Important: This archiver uses the Pastebin Scraping API which requires a whitelisted IP address and a Lifetime Pro account to use. More info here.

Installation

Install from PyPI (recommended)

  1. Ensure you have Python 3.7+ installed.
  2. Run pip install pastebin_archiver
  3. Done! Jump down to the Usage section to get started.

Install from source

  1. Ensure you have Python 3.7+ and poetry installed
    $ python --version
    Python 3.7.4
    $ poetry --version
    Poetry 0.12.17
    
  2. Clone the git repository
    git clone https://gitlab.com/jonpavelich/pastebin-archiver.git 
    
  3. Install the dependencies
    $ cd pastebin-archiver
    $ poetry install
    
  4. Run it!
    $ poetry run pastebin-archiver
    

Run unit tests

  1. Install from source (see the section above)
  2. Run poetry run python -m unittest

Usage

Command line usage

If you installed the package using pip, then you can simply run pastebin-archiver:

$ pastebin-archiver         # Run with default settings
$ pastebin-archiver --help  # Print available command line options

Python usage

If you'd prefer to use the package in your own code, you can do so like this:

# Import the package
from pastebin_archiver import PastebinArchiver

# (Optional) configure logging
logging.basicConfig(level=logging.DEBUG) 

# Run the application
app = PastebinArchiver()
app.main()

Important: app.main() does not return, it runs forever looking for new pastes to fetch.

Configuration

The log target and log level can be controlled with options (--logfile and --loglevel) or environment variables (LOG_FILE and LOG_LEVEL).

Database

By default, the fetched data will be saved to a SQLite database file in your working directory called pastebin.db.
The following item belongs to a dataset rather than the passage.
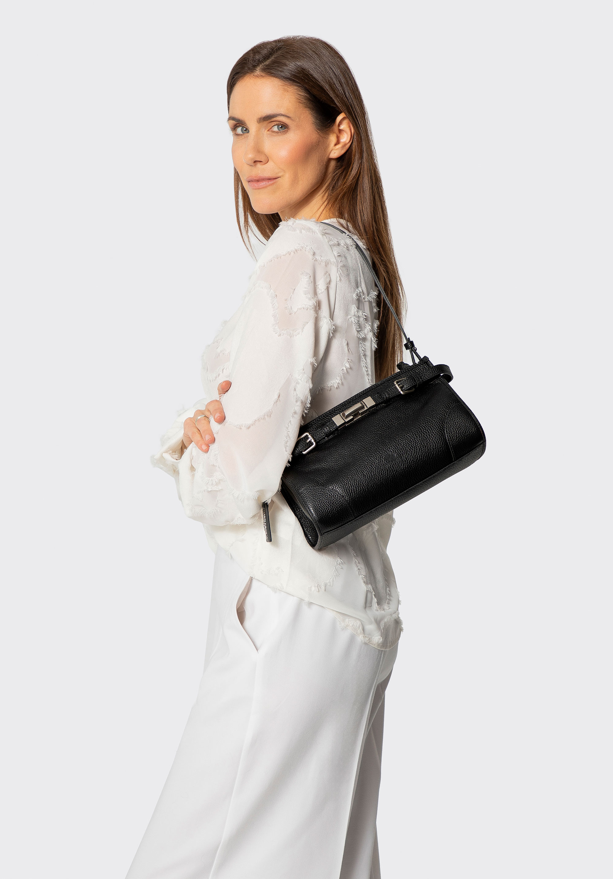 Geantă de umăr pentru femei cu detaliu decorativ cu curea Culoare: negru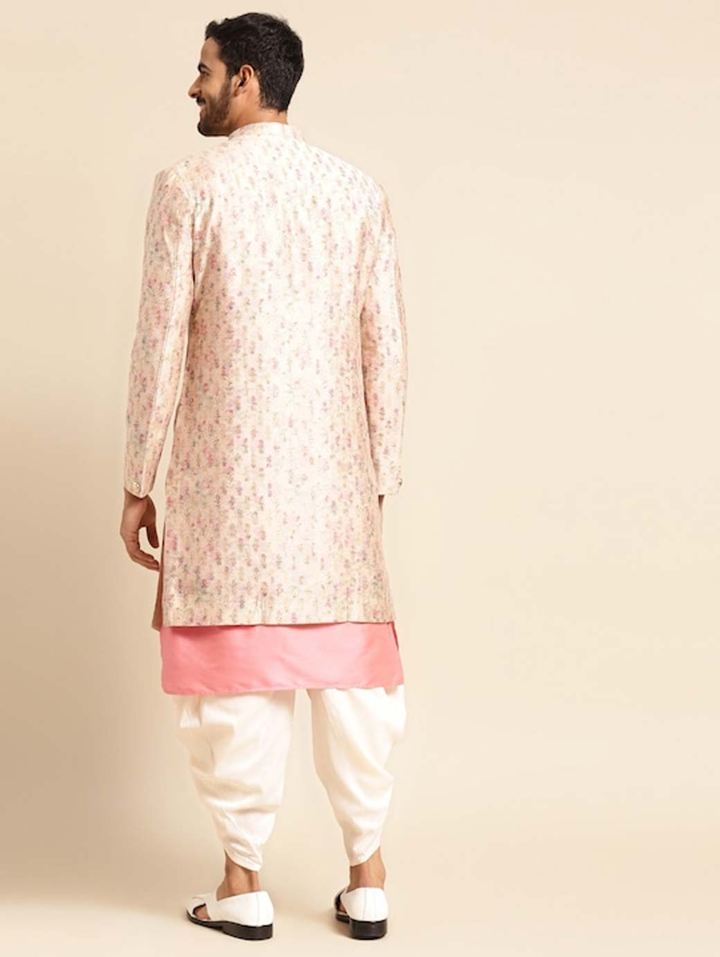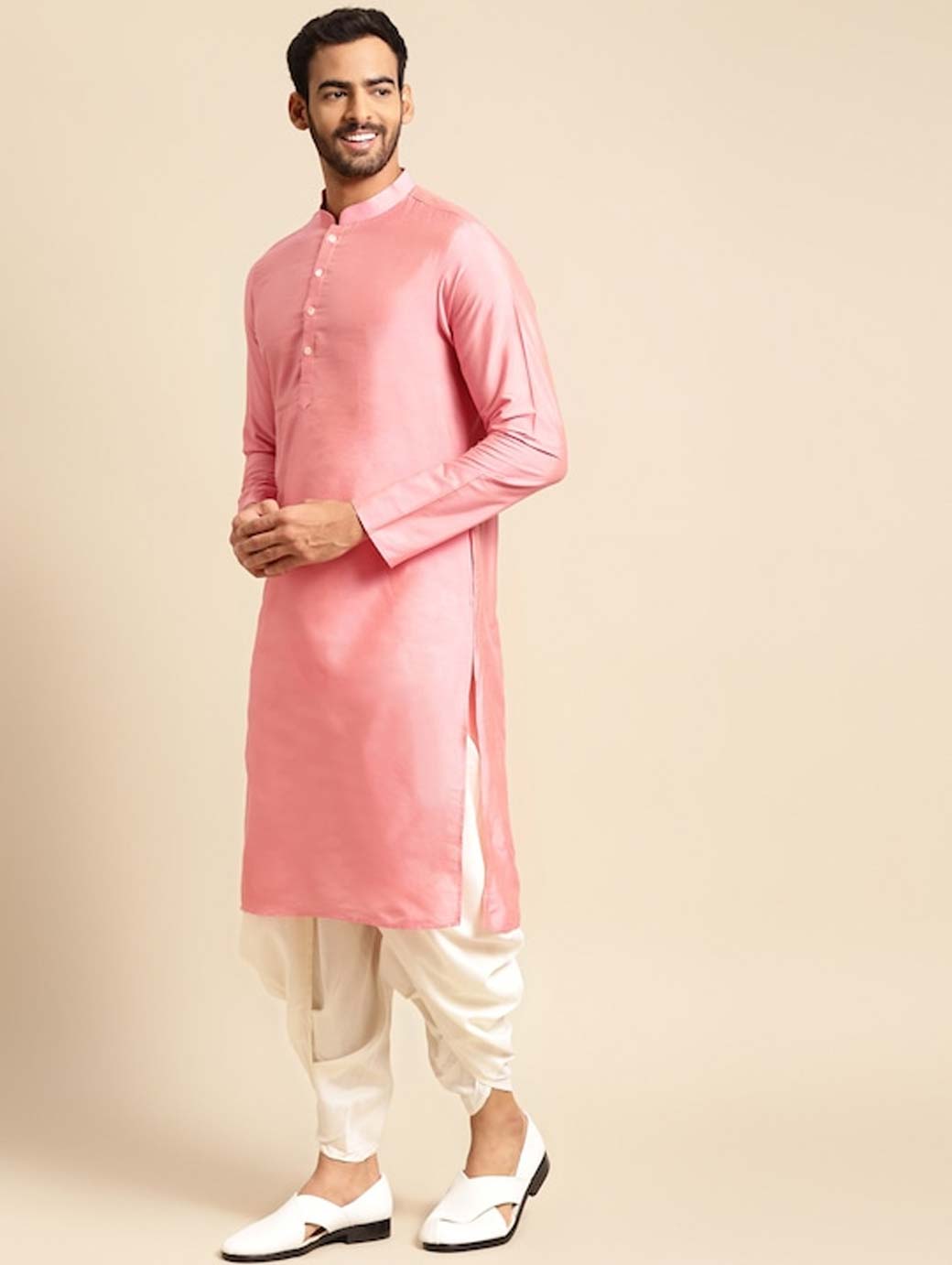 Cream-coloured woven design kurta, has mandarin collar and long sleeves Pink solid kurta, has a mandarin collar and long sleeves Off-white solid dhoti, has an elasticated waistband with drawstring closure

You can change this behaviour by passing in a database connection string using the --database option or the DATABASE environment variable. For example:

$ pastebin-archiver --database 'postgresql://user:pass@localhost/mydatabase'

Important: You'll need extra packages to connect to databases other than SQLite. For PostgreSQL, you'll need to run pip install psycopg2-binary (or if you installed from source, you can run poetry install -E pgsql)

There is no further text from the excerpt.